Phyllis C. Reinecke, who assisted her husband, who pastored Sapphire Family Church in Oella, died March 24 of complications from pneumonia at a daughter’s Marriottsville home. The former Catonsville resident was 88.
The former Phyllis Ann Caughy, daughter of Patrick Caughy, an American Can Co. night watchman, and his wife, Anna Starkey Caughy, a homemaker, was born in Baltimore and raised in Irvington.
Raised a Roman Catholic, Mrs. Reinecke attended St. Joseph Monastery School, and after graduating from a two-year business school, worked before her marriage for Westinghouse Electric Corp., which at the time, was on Wilkens Avenue.
In 1951, she married , Thomas C. Reinecke, a former dry cleaner, who later earned a divinity degree and founded the Sapphire Family Church in Oella in 1999.
[ Charles L. Wagandt II, who led the restoration of Oella, dies ]
After selling the business in 1984, the couple moved to Bradenton, Florida, where her husband completed his pastoral training at Christian Retreat. From 1988 to 1991, he was pastor of a small Christian fellowship community church in Palmetto, Florida.
That same year, Mrs.
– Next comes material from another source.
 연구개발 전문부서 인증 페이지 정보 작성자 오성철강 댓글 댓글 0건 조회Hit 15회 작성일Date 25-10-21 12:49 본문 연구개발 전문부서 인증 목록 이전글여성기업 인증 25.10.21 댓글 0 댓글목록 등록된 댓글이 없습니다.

Reinecke, after completing a 90-day course at the Institute of Ministry in Bradenton, was ordained an able minister.
The Morning Sun
She and her husband became missionaries and visited Honduras numerous times, as well as India, Russia, Ukraine, Kenya and Uganda, and from 1994 to 1996, returned to Florida, where they conducted ministries in senior citizen homes.
In 1996, she and her husband moved back to Catonsville, where he established the School of the Holy Spirit, a Christian training school, at St. Timothy’s Episcopal Church in Catonsville, which he operated for a decade.
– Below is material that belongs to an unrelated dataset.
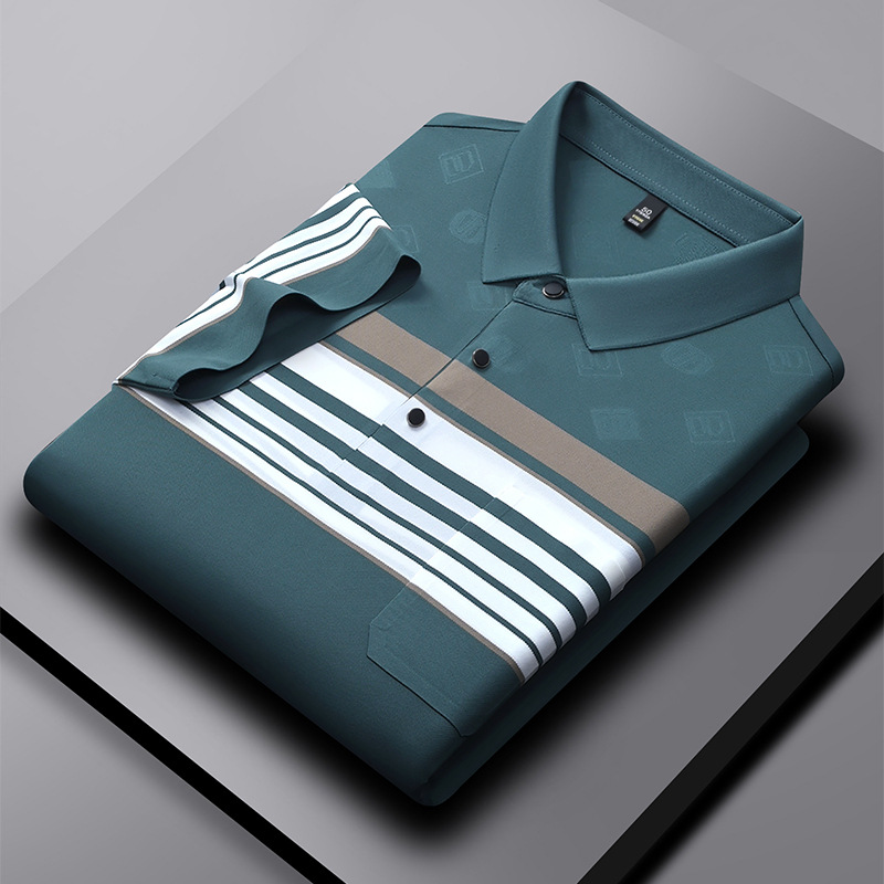 Paul Men’s Summer Trendy Half Sleeve for Polo Shirt New Casual Embroidered Print Knitted Fabric Loose Fit Ice Silk Top Any Size

From 1996 to 2006, Mrs. Reinecke ministered the Restoring the Foundations counseling program.
Mrs. Reinecke enjoyed Thanksgiving, Christmas, New Year’s and Easter holidays, family members said. She was also a bird-watcher and a movie fan, and was especially fond of Elvis Presley films.
Funeral services were March 27 at the Haight Funeral Home in Sykesville.
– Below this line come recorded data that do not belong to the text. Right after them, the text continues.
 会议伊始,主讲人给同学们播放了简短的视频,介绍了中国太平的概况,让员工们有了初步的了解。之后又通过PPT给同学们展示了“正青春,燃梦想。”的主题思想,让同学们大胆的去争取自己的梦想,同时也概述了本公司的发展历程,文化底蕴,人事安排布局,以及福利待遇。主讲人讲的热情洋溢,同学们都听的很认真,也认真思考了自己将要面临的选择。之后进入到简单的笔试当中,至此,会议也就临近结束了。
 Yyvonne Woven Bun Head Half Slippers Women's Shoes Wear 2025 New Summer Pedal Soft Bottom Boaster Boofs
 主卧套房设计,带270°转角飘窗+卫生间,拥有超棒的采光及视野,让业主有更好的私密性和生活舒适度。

She is survived by two sons, Timothy Reinecke of Catonsville and Thomas C. Reinecke Jr. of Knoxville, Tennessee; three daughters, Tracey Reinecke-Kashima of Marriottsville, Teresa McDade of Catonsville and Deborah Taylor of Littlestown, Pennsylvania; a sister, Joan O’Connor of Baltimore; 16 grandchildren; and 12 great-grandchildren.